THE TASK - Once the images are set aside, return every entry exactly.

STUDY MATERIAL -

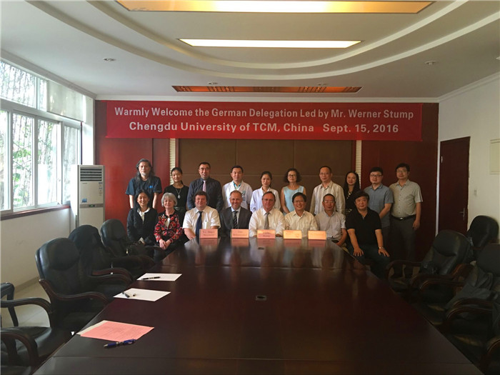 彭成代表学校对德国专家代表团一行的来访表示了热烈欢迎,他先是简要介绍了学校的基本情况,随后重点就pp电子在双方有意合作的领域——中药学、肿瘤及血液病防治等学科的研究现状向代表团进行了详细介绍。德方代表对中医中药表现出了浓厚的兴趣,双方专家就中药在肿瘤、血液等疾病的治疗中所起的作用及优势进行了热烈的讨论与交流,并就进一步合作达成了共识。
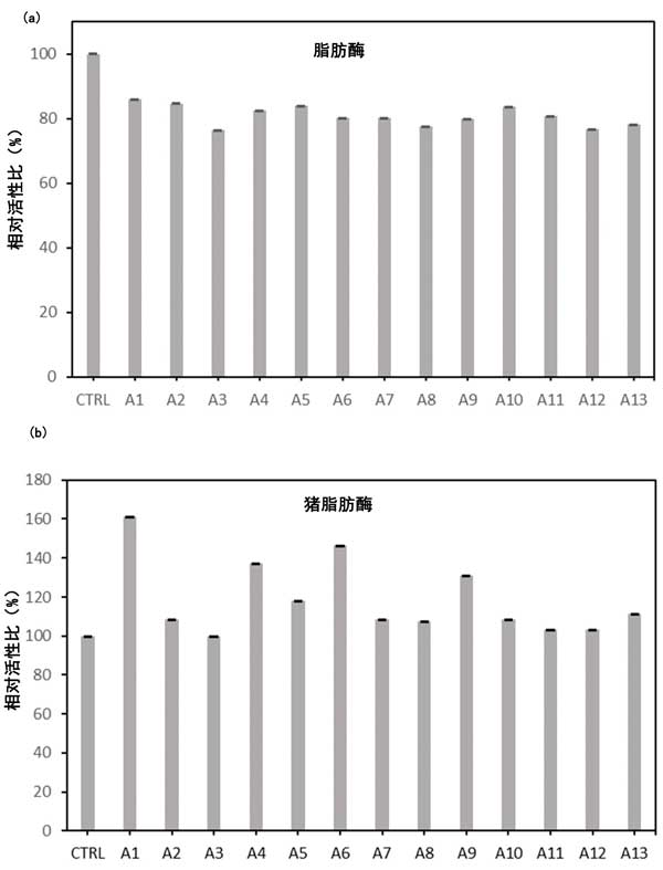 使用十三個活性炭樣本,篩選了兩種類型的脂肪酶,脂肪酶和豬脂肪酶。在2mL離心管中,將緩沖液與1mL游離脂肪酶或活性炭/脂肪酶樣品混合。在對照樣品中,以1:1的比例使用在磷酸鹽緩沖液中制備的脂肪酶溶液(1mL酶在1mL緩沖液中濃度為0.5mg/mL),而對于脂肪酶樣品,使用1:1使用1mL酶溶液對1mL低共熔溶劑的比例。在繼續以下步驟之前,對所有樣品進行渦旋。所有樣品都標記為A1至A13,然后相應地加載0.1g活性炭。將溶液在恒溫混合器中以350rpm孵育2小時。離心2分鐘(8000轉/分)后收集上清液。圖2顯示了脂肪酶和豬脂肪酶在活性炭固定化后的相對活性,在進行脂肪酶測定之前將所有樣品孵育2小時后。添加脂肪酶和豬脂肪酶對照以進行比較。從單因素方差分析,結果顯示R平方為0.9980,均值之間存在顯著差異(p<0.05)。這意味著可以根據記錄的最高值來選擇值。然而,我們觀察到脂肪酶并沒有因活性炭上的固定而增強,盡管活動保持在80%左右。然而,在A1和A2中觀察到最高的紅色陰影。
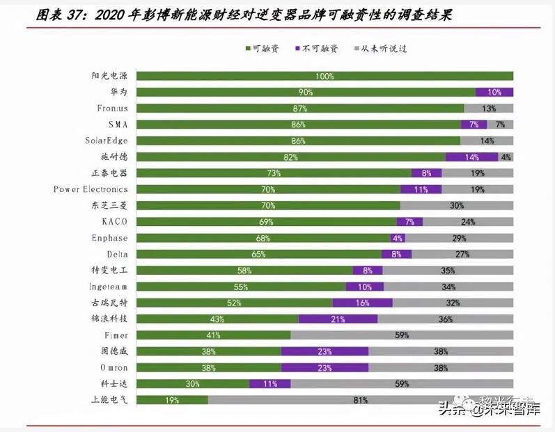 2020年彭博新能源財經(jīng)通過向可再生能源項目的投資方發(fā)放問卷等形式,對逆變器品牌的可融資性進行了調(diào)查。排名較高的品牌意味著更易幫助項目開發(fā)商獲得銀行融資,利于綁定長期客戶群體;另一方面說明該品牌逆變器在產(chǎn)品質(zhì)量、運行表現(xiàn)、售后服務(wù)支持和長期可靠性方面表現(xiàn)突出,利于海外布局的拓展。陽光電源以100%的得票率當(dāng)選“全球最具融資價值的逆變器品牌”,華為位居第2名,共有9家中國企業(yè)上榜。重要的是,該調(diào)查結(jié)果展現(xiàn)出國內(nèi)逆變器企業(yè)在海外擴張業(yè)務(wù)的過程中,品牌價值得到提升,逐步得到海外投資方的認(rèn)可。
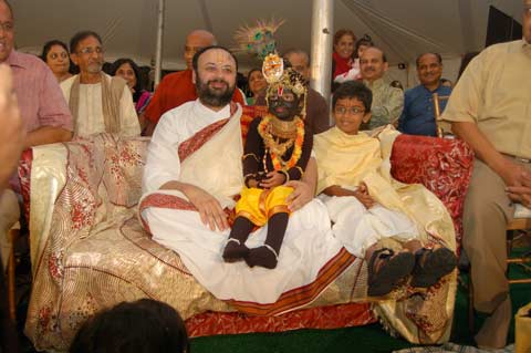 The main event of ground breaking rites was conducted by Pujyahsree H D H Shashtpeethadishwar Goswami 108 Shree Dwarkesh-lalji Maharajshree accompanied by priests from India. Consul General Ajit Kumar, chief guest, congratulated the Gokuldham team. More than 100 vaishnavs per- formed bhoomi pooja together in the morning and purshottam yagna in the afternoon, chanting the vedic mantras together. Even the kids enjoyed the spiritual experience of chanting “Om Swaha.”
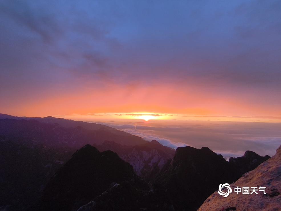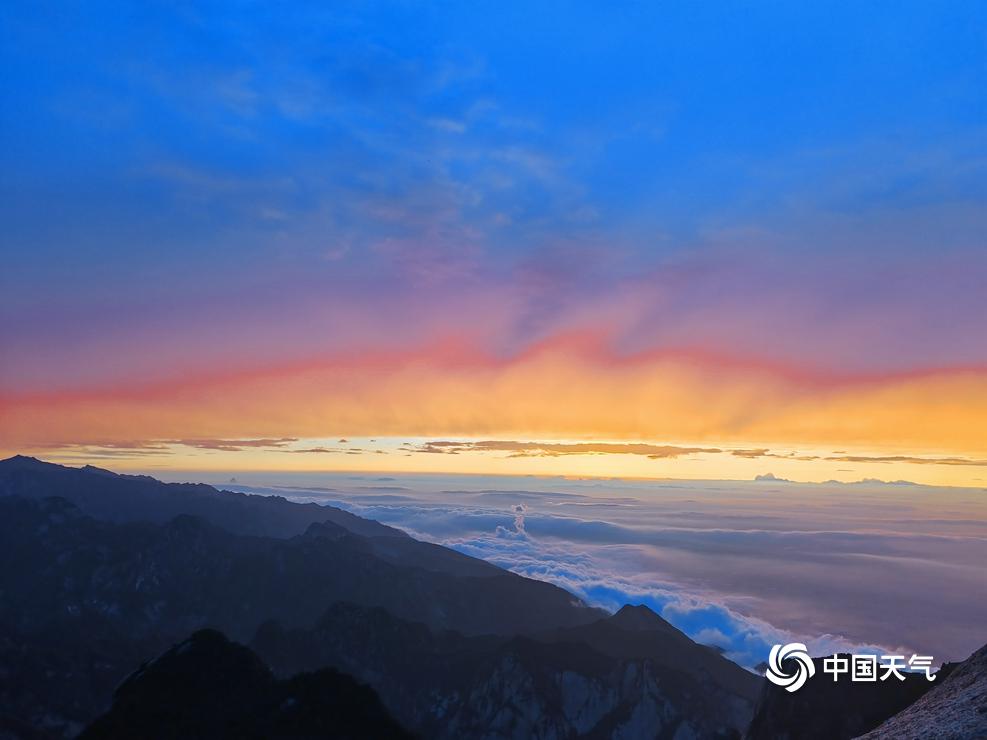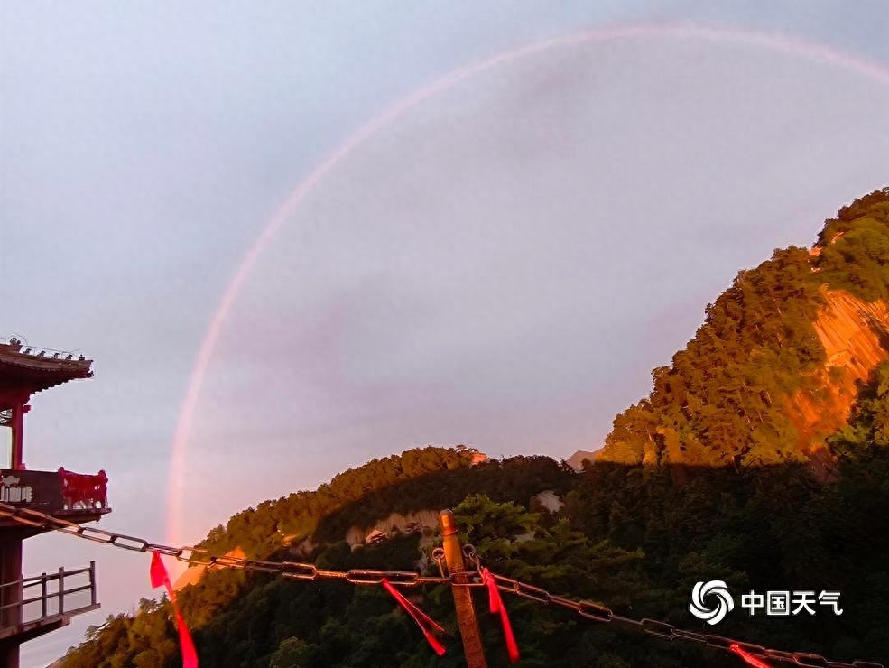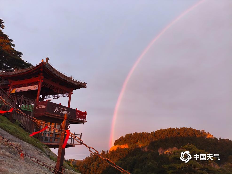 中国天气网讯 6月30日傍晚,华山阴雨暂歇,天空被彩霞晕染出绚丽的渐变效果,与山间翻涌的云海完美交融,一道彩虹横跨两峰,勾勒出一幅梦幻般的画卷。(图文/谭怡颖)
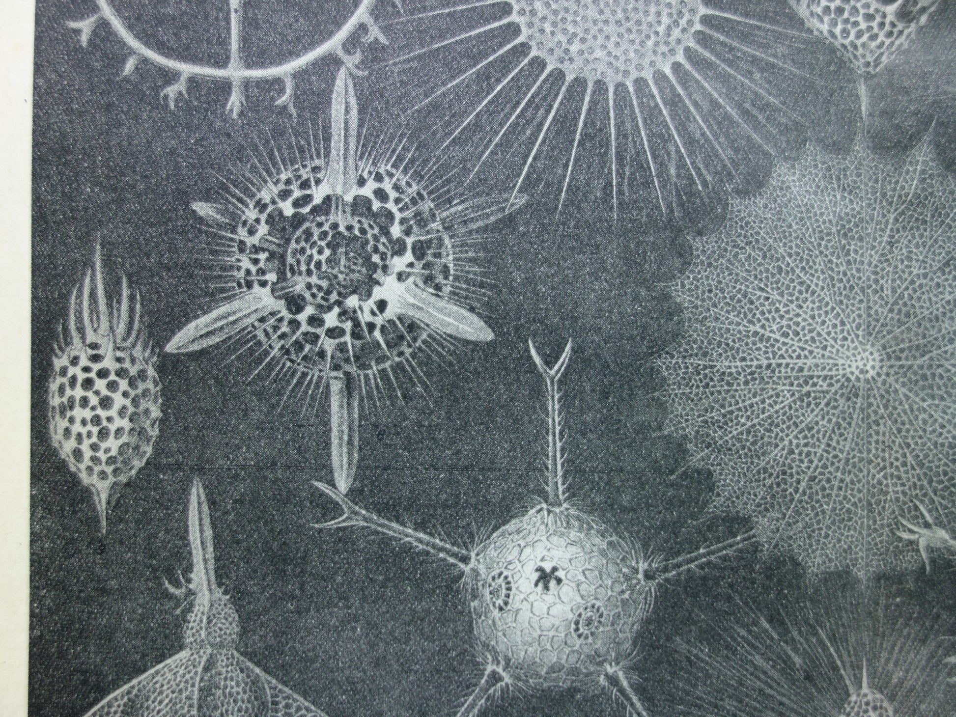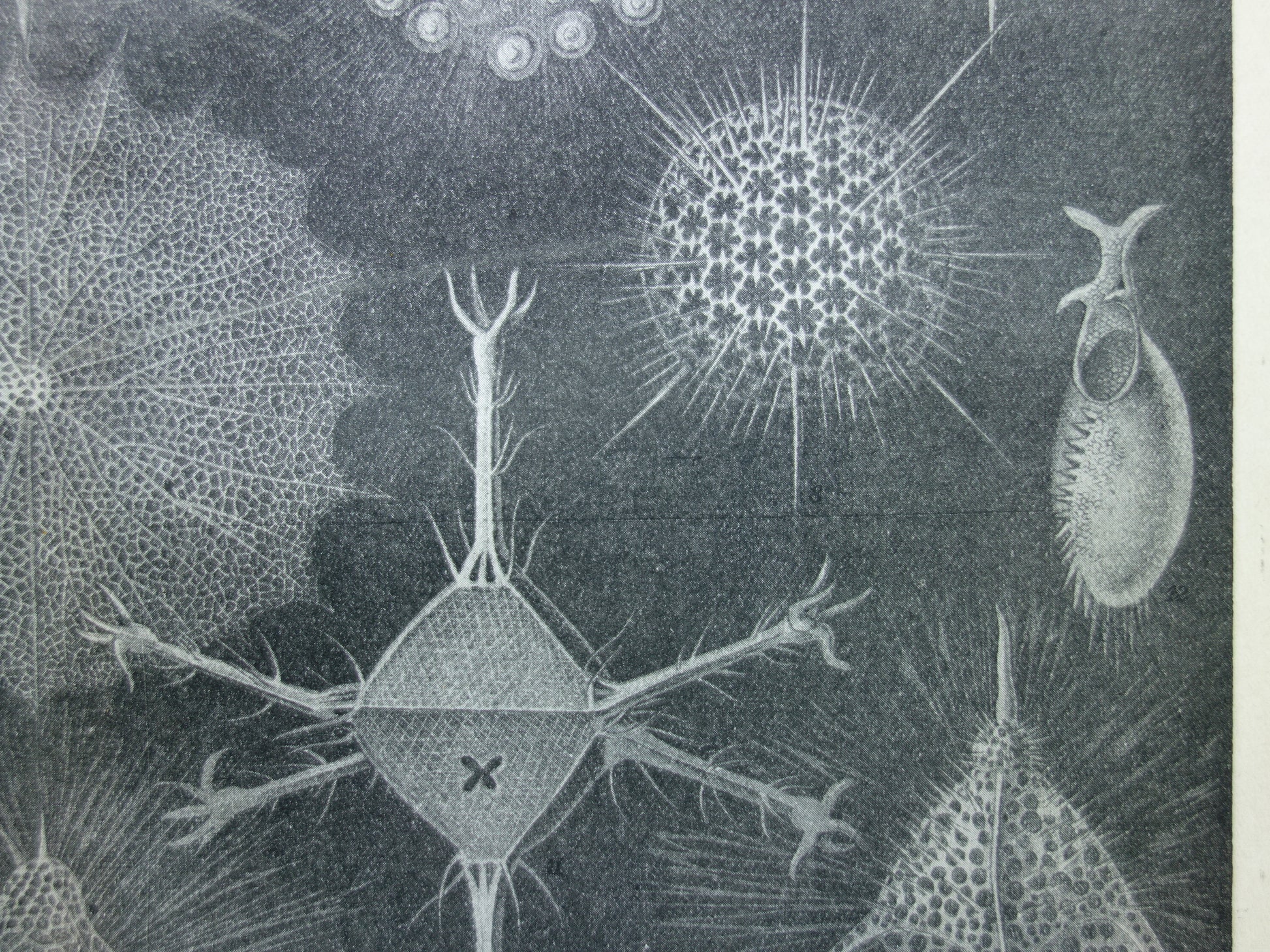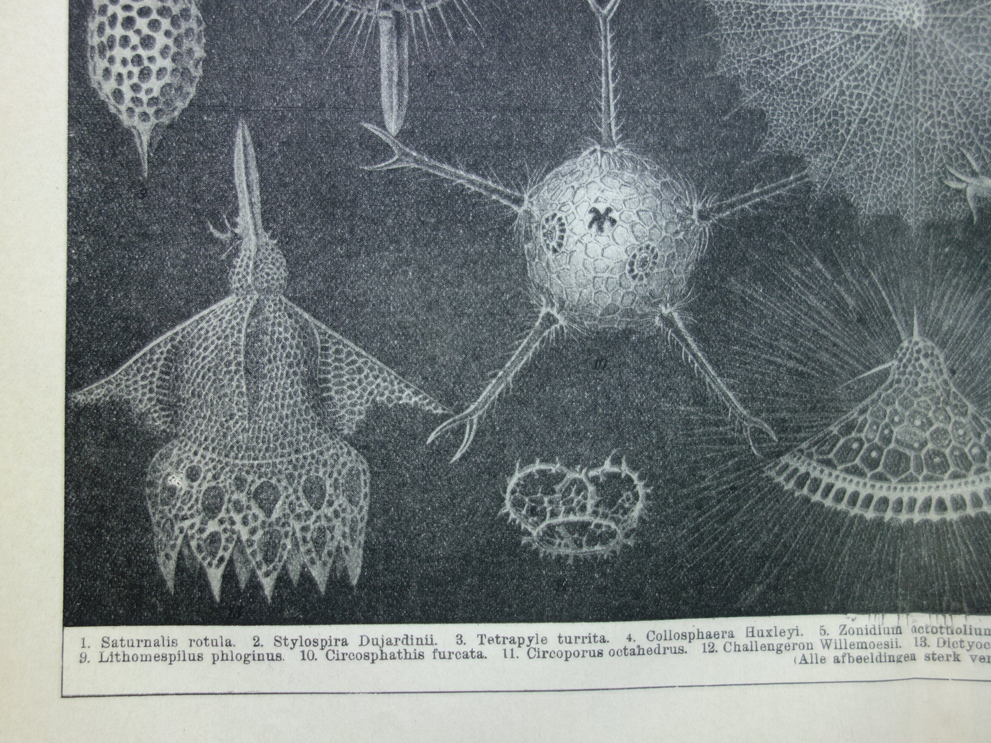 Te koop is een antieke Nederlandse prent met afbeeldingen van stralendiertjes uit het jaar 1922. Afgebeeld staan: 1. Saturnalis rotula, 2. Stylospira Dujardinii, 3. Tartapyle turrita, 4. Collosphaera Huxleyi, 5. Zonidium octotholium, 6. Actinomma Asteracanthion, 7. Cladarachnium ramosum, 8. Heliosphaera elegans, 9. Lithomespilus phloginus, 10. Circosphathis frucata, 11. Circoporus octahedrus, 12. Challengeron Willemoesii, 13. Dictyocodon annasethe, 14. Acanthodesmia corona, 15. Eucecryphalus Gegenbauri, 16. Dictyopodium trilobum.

SOLUTION FOR THIS EXERCISE -
 彭成代表学校对德国专家代表团一行的来访表示了热烈欢迎,他先是简要介绍了学校的基本情况,随后重点就pp电子在双方有意合作的领域——中药学、肿瘤及血液病防治等学科的研究现状向代表团进行了详细介绍。德方代表对中医中药表现出了浓厚的兴趣,双方专家就中药在肿瘤、血液等疾病的治疗中所起的作用及优势进行了热烈的讨论与交流,并就进一步合作达成了共识。
 使用十三個活性炭樣本,篩選了兩種類型的脂肪酶,脂肪酶和豬脂肪酶。在2mL離心管中,將緩沖液與1mL游離脂肪酶或活性炭/脂肪酶樣品混合。在對照樣品中,以1:1的比例使用在磷酸鹽緩沖液中制備的脂肪酶溶液(1mL酶在1mL緩沖液中濃度為0.5mg/mL),而對于脂肪酶樣品,使用1:1使用1mL酶溶液對1mL低共熔溶劑的比例。在繼續以下步驟之前,對所有樣品進行渦旋。所有樣品都標記為A1至A13,然后相應地加載0.1g活性炭。將溶液在恒溫混合器中以350rpm孵育2小時。離心2分鐘(8000轉/分)后收集上清液。圖2顯示了脂肪酶和豬脂肪酶在活性炭固定化后的相對活性,在進行脂肪酶測定之前將所有樣品孵育2小時后。添加脂肪酶和豬脂肪酶對照以進行比較。從單因素方差分析,結果顯示R平方為0.9980,均值之間存在顯著差異(p<0.05)。這意味著可以根據記錄的最高值來選擇值。然而,我們觀察到脂肪酶并沒有因活性炭上的固定而增強,盡管活動保持在80%左右。然而,在A1和A2中觀察到最高的紅色陰影。
 2020年彭博新能源財經(jīng)通過向可再生能源項目的投資方發(fā)放問卷等形式,對逆變器品牌的可融資性進行了調(diào)查。排名較高的品牌意味著更易幫助項目開發(fā)商獲得銀行融資,利于綁定長期客戶群體;另一方面說明該品牌逆變器在產(chǎn)品質(zhì)量、運行表現(xiàn)、售后服務(wù)支持和長期可靠性方面表現(xiàn)突出,利于海外布局的拓展。陽光電源以100%的得票率當(dāng)選“全球最具融資價值的逆變器品牌”,華為位居第2名,共有9家中國企業(yè)上榜。重要的是,該調(diào)查結(jié)果展現(xiàn)出國內(nèi)逆變器企業(yè)在海外擴張業(yè)務(wù)的過程中,品牌價值得到提升,逐步得到海外投資方的認(rèn)可。
 The main event of ground breaking rites was conducted by Pujyahsree H D H Shashtpeethadishwar Goswami 108 Shree Dwarkesh-lalji Maharajshree accompanied by priests from India. Consul General Ajit Kumar, chief guest, congratulated the Gokuldham team. More than 100 vaishnavs per- formed bhoomi pooja together in the morning and purshottam yagna in the afternoon, chanting the vedic mantras together. Even the kids enjoyed the spiritual experience of chanting “Om Swaha.”
 中国天气网讯 6月30日傍晚,华山阴雨暂歇,天空被彩霞晕染出绚丽的渐变效果,与山间翻涌的云海完美交融,一道彩虹横跨两峰,勾勒出一幅梦幻般的画卷。(图文/谭怡颖)
 Te koop is een antieke Nederlandse prent met afbeeldingen van stralendiertjes uit het jaar 1922. Afgebeeld staan: 1. Saturnalis rotula, 2. Stylospira Dujardinii, 3. Tartapyle turrita, 4. Collosphaera Huxleyi, 5. Zonidium octotholium, 6. Actinomma Asteracanthion, 7. Cladarachnium ramosum, 8. Heliosphaera elegans, 9. Lithomespilus phloginus, 10. Circosphathis frucata, 11. Circoporus octahedrus, 12. Challengeron Willemoesii, 13. Dictyocodon annasethe, 14. Acanthodesmia corona, 15. Eucecryphalus Gegenbauri, 16. Dictyopodium trilobum.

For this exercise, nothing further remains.